Consider this task:
const switchFileType = (str, type) => {
// probably nicer with a regex replace..
const pieces = str.split('.')
pieces.pop()
return pieces.join('.') + '.' + type
}
const throughUppercase = through(function (chunk, enc, cb) {
cb(null, chunk.toString().toUpperCase())
})
const uppercaser = task({
input: '*.lowercase',
output: '*.uppercase',
name: 'Uppercase Transform'
}, ({ input }) =>
fs.createReadStream(input)
.pipe(throughUppercase)
.pipe(fs.createWriteStream(switchFileType(input, 'uppercase')))
)
The operation
for this task will return a writable stream. Then dup.setWritable(operation)

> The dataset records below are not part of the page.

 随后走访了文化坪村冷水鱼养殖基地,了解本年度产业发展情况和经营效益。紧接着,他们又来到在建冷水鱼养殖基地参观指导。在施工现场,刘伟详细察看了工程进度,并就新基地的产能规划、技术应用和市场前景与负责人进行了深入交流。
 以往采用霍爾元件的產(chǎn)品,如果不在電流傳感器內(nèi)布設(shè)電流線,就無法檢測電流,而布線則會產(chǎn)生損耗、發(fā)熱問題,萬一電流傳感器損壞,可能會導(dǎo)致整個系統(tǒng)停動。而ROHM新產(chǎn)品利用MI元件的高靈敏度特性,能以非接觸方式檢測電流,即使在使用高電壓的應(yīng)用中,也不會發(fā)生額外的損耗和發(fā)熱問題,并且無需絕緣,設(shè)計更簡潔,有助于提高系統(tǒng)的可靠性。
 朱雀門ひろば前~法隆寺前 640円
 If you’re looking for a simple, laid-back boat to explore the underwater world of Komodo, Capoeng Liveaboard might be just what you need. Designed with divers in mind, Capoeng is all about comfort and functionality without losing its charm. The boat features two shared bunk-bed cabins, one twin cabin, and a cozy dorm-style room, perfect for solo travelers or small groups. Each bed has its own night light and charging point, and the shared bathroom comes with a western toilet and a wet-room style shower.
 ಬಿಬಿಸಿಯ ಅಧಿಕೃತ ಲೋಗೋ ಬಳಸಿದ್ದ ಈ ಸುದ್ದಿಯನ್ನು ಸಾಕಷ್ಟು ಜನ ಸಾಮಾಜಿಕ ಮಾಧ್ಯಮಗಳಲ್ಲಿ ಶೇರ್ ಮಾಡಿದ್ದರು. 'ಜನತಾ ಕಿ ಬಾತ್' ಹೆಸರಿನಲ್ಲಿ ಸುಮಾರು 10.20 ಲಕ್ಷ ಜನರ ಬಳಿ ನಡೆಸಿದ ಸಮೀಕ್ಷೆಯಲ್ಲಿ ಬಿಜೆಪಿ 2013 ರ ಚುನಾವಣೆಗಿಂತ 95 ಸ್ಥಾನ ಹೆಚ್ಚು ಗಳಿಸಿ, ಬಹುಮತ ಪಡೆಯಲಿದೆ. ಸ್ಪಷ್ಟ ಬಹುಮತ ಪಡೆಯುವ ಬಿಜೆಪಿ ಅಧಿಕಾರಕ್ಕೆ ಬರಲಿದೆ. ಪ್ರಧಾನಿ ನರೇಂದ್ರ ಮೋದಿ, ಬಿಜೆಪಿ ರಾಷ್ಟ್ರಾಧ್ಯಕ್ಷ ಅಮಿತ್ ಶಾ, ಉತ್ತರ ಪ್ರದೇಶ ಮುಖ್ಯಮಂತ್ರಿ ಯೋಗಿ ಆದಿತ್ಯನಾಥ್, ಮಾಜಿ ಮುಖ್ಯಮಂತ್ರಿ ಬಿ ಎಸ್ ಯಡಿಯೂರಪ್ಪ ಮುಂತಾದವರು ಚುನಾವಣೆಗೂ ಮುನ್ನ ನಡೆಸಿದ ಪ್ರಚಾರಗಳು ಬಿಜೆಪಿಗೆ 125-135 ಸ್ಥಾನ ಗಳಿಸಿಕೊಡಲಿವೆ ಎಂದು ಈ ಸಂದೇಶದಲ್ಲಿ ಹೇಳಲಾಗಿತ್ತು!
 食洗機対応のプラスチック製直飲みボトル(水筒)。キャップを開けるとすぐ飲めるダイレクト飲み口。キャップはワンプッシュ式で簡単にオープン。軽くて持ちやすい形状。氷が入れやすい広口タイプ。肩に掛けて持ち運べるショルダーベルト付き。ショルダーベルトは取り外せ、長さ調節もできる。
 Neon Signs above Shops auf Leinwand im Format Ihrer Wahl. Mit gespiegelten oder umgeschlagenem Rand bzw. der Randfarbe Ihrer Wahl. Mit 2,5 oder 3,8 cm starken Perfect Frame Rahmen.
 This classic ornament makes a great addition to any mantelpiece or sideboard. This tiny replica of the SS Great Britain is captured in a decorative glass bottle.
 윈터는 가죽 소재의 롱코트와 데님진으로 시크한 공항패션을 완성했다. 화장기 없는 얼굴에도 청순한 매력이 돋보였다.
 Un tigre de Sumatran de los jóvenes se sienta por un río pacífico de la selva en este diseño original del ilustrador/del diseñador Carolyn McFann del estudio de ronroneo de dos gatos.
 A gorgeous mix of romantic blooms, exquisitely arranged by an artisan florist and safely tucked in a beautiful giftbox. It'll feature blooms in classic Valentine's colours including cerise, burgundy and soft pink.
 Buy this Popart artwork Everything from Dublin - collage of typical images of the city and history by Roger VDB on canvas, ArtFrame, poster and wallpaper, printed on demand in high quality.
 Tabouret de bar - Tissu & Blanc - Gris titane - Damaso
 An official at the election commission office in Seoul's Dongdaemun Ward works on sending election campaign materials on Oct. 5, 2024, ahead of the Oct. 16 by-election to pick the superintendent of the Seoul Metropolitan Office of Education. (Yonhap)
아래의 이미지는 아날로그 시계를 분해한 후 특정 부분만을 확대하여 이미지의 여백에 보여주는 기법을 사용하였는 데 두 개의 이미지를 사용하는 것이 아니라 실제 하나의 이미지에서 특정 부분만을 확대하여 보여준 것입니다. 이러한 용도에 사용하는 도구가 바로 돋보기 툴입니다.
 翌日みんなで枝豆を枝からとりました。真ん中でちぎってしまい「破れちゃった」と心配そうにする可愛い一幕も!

will apply it to the task duplexify stream. Similarly for readable.
Then in the catchTask action, the purpose is to resolve once the operation has completed. It's called "catch" because it stops the task lifecycle action pipeline until the operation is completed, so that then resolve output and validate output can be ran.
After output is successfully validated (file is not empty, etc.), I set an _output
object in the duplex stream, and destroy the stream:
function finish(uid) {
stream._output = getTask(uid).resolvedOutput
stream.destroy()
// TODO not this
// 'destroy' may as well be 'breaksCompatibleWithStreamsModules'
stream.emit('destroy')
}
On destroy()
the duplex stream emits a close
. Then the lifecycle of a task is something like:
uppercase()
.on('destroy', function() {
console.log(this._output) // object with absolute path of output
}
and join
will use that to run tasks after each other, collect all the outputs into the "output dump", etc.
However, this breaks if the operator
itself throws a close
event, as what happens with child processes. My solution to this was (which only switched to the emit('destroy')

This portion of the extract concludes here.